Squitty exercised his mayoral privileged and vetoed that resolution, setting the stage for a second vote Mar. 6. This time councilors Gerald Stevenson and Carl Mayer, absent a month earlier, voted to support the project study and helped ensure municipal support for it remained intact.
The flip-flop, and the split among council members, reflects the divisions wrought within the tiny community by the controversial proposal which would see much, if not all, of the Outaouais region's garbage dumped at a site just west of Danford village.
Council meetings are no longer simple, small, and sleepy assemblies where plans for the community's annual Mud Run and the state of local roads are leisurely discussed, they have become packed, tension-filled affairs where the landfill is the only item on the agenda to earn attention. Members of the public regularly crowd into Danford Lake's little library to grill council on the issue, and questions concerning the landfill now have their own place on the agenda-the very end where council led by Squitty has imposed a half hour time limit on discussion.
These landfill question periods have become predictable exchanges between opponents of the project led by a local citizens coalition, and Mayor Squitty who repeats his case for supporting it, while promising the public will have an opportunity to voice its concerns when the province convenes consultation hearings on the environment (BAPE) later this year.
This approach isn't sitting well with opponents who charge council is not reflecting the will of the majority in the community and have repeatedly called for a referendum on the issue.
"I don't know how you got elected," one man said at the Mar. 6 meeting, "making decisions that affect all of our futures with a mega dump opposed by 90 per cent of the people."
Andre Carriere, chair of the citizens' coalition opposing he proposal, expressed frustration when he asked Squitty why the mayor won't meet with opponents, won't call a referendum, and why municipal staff resists requests for information concerning the project.

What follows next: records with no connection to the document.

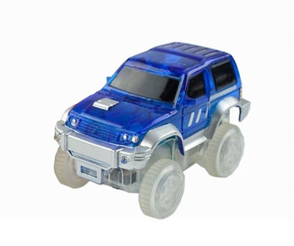 Az 1 db ceruzaelemmel működő kisautó LED világítása sötétben segít megvilágítani a pályát.
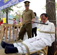 路透社5月30日报导了当天在南韩举行的反酷刑展,报导说,法轮功学员在汉城中部展示了中共用来迫害学员的酷刑手段。
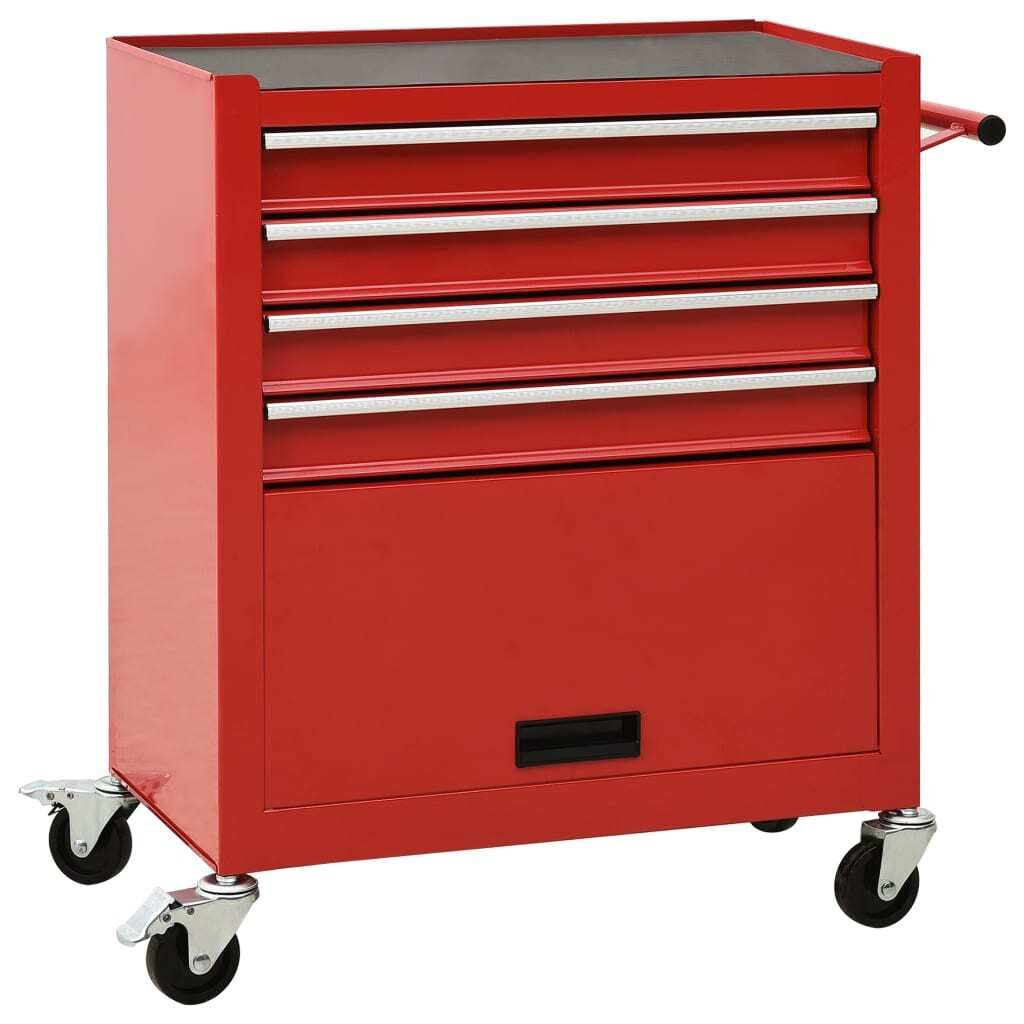 $214.19Get this handy tool trolley with 4 sliding drawers to store and organise your tools. Each drawer has an anti-slip bottom lining to keep your tools in place. Made of steel, this trolley is sturdy and stable. The drawer has an interlocked function, which prevents more than one drawer being opened at once. Hence, you can only open one drawer at a time. Two of the swivel castors have brakes. The robust countertop on the tool cabinet is a great spot to keep frequently-used tools within reach. There is also a convenient side handle for pushing the trolley.
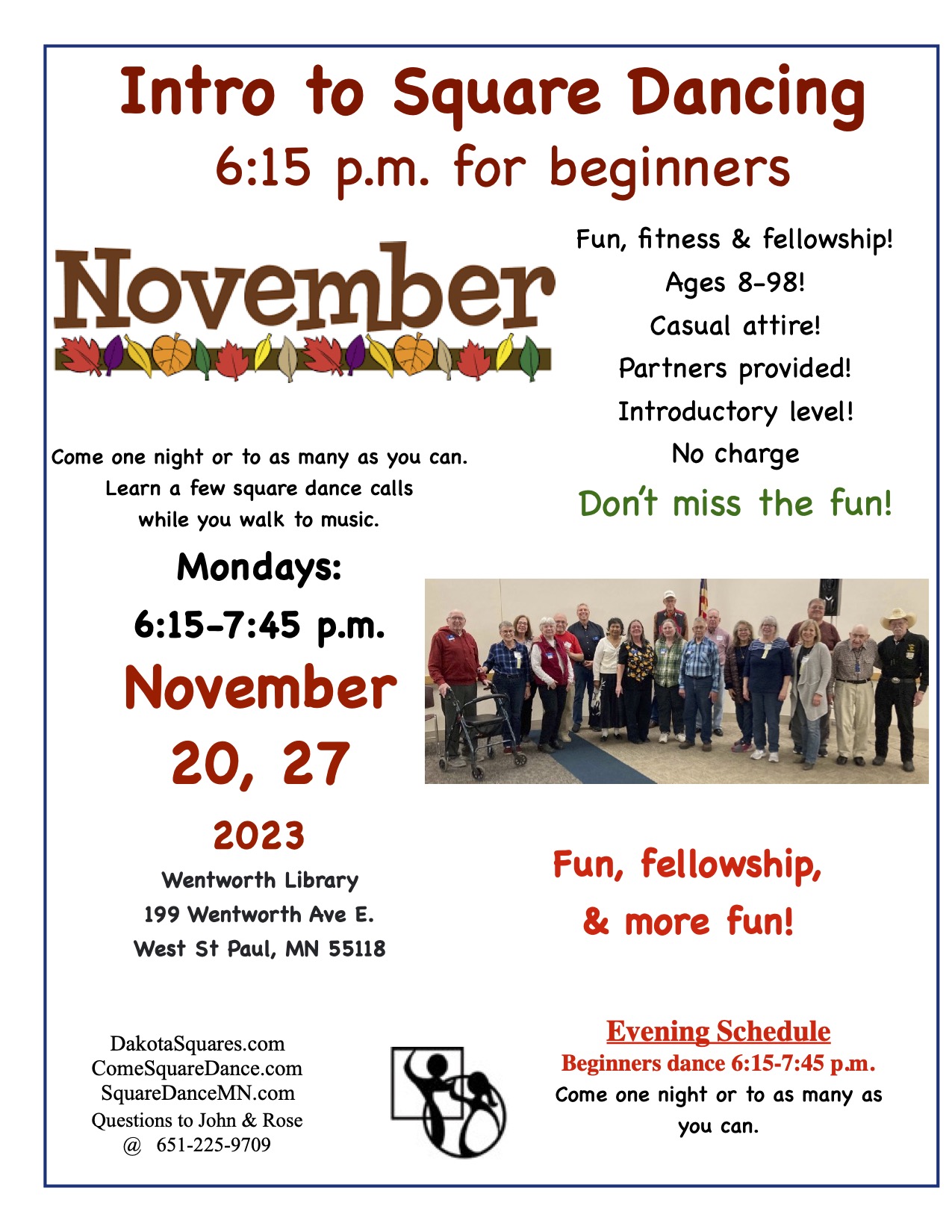 Intro to Square Dancing (“Beginner Square Dancing” 6:15-7:45 pm). Dakota Squares Flier
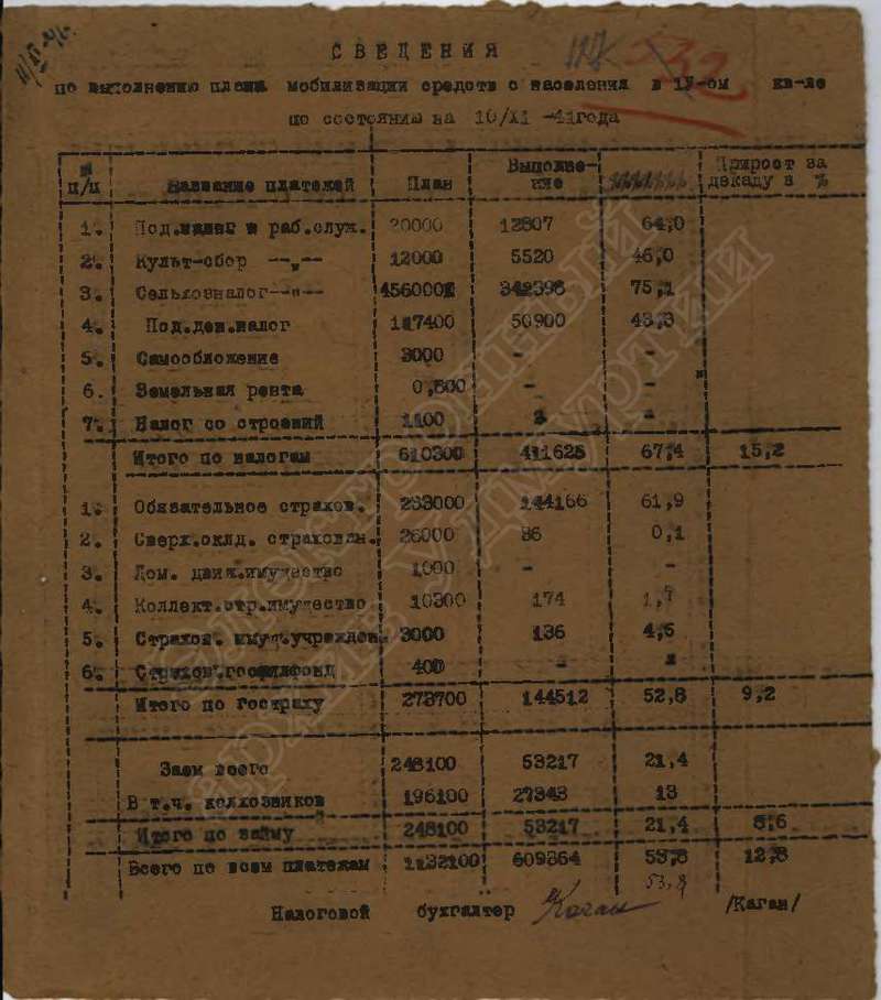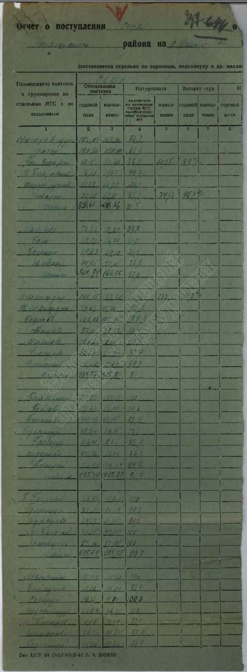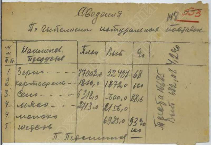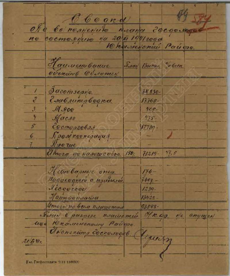 Сведения о выполнении плана сельхозработ, госпоставок и мобилизации средств за 1941 г., том 1

This last question was raised after lawyers hired by the coalition were denied a request to view planning bylaws at Alleyn and Cawood's municipal offices Feb.23.
"We asked our lawyers to come and obtain information for us," he said. "Rightfully, this is public information, these are public documents. What are you trying to hide, what's going on behind the scenes?"
Squitty said staff weren't given enough notice to provide the lawyers with the information they requested and promised the municipality would be more forthcoming if they had enough lead time.
The crowds at Alleyn and Cawood council meetings continue to grow to the point where April's meeting be relocated to the more commodious Bethany Hall. The split over the issue has also become the source of hard feelings in the community, with some locals complaining that landfill opponents are "outsiders" who don't really care about the welfare of Danford Lake.
"When this is over, either way, these people are going to walk away and go "oh well" said Priscilla Kublak, who would be happy to see more economic activity and less confrontation in the community."We've watched this community dying in stages. Our young people are always leaving, and some of them would be very pleased to stay and work in the community. We don't want anything that's going to hurt anybody and we don't want to argue in the (Danford Lake) hotel. We don't want to argue in the street."